My RAM? Blows by comparison to what some of these guys have available to them & what they use... @ least for o/c'ing!

ANYHOW - get me the BIOS settings you want info. for? And, I'll reboot & write them down, what they are here, & let you know them too!

APK


----------



## blixx1981 (Oct 1, 2006)

ok


----------



## blixx1981 (Oct 1, 2006)

why arent the pix loading


----------



## Judas (Oct 1, 2006)

blixx1981 said:


> why arent the pix loading



here>>>>>http://www.techpowerup.org/upload.php


----------



## Alec§taar (Oct 1, 2006)

blixx1981 said:


> why arent the pix loading



When you INITIALLY make your post? In the UPPER RIGHT HAND SIDE of the thread starting page? Right underneath the Logged in as (insert your name here)??

You will see a Quick image upload entry field... use the CHOOSE button to the right of it to upload the image to the hosting provider for it which W1zzard (our host here) provides, & once it shows "IMG" tags around it? Hit the CONTINUE button, OR UPLOAD button.
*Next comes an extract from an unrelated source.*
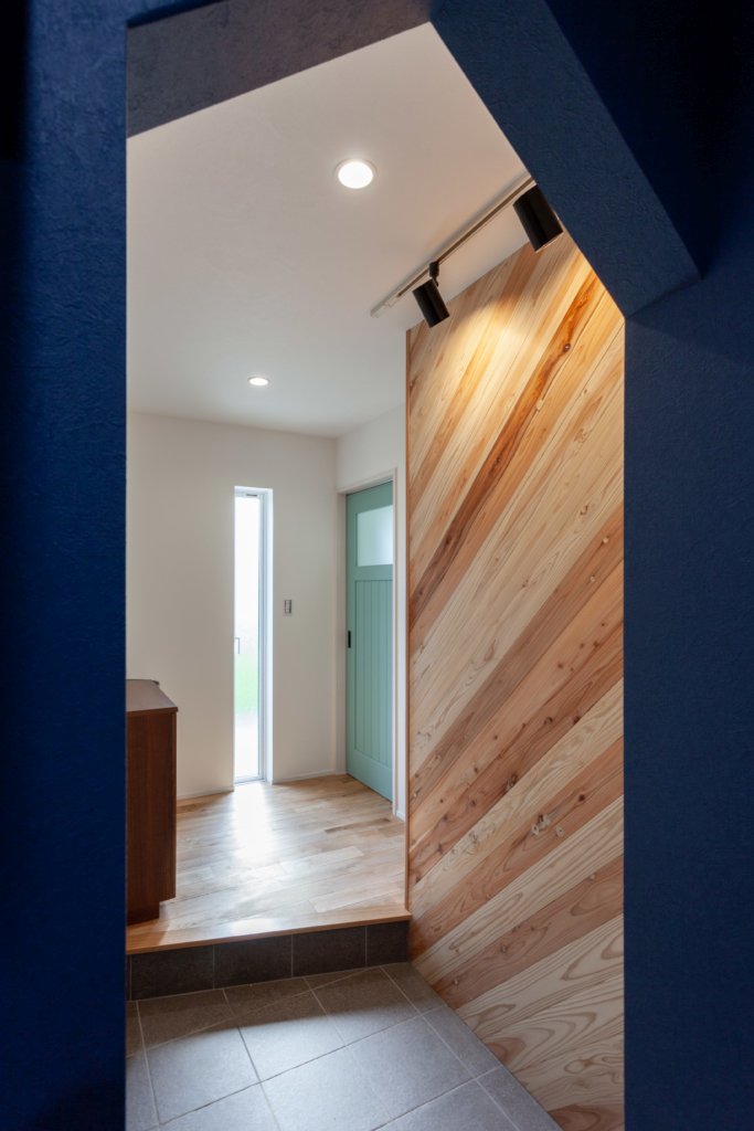 玄関ホールにはアクセントで屋久島地杉を斜めに貼りました

Format MAY matter... I use JPG!

APK


----------



## Ketxxx (Oct 1, 2006)

i believe this is your bios sir, with the relevent screens


----------



## blixx1981 (Oct 1, 2006)

did this work?


----------



## blixx1981 (Oct 1, 2006)

yeah thats them but i've been told i should have more options then what is there


----------



## Alec§taar (Oct 1, 2006)

Ketxxx said:


> i believe this is your bios sir, with the relevent screens



Yup, that's it... or, DAMN close!

(Operating on "memory alone" here, but iirc, that's what MINE looks like, or close enough to fool me)

APK

P.S.=> Still, it may be BEST to wait out HIS specific screenies... I *think* mine's @ the very last/latest update to this mobo's BIOS (I've recently been/went on a 'binge' updating BIOS & FIRMWARES + drivers here, for my mobo & Promise Caching disk controller, etc. so this SHOULD be correct)... apk


----------



## Ketxxx (Oct 1, 2006)

yes  unless u have real crappy ballistix, u can turn CPC on in the bios


----------



## Alec§taar (Oct 1, 2006)

blixx1981 said:


> yeah thats them but i've been told i should have more options then what is there



So have I... things like "dividers" & such, not the same as other mobo makers have & BIOS' etc.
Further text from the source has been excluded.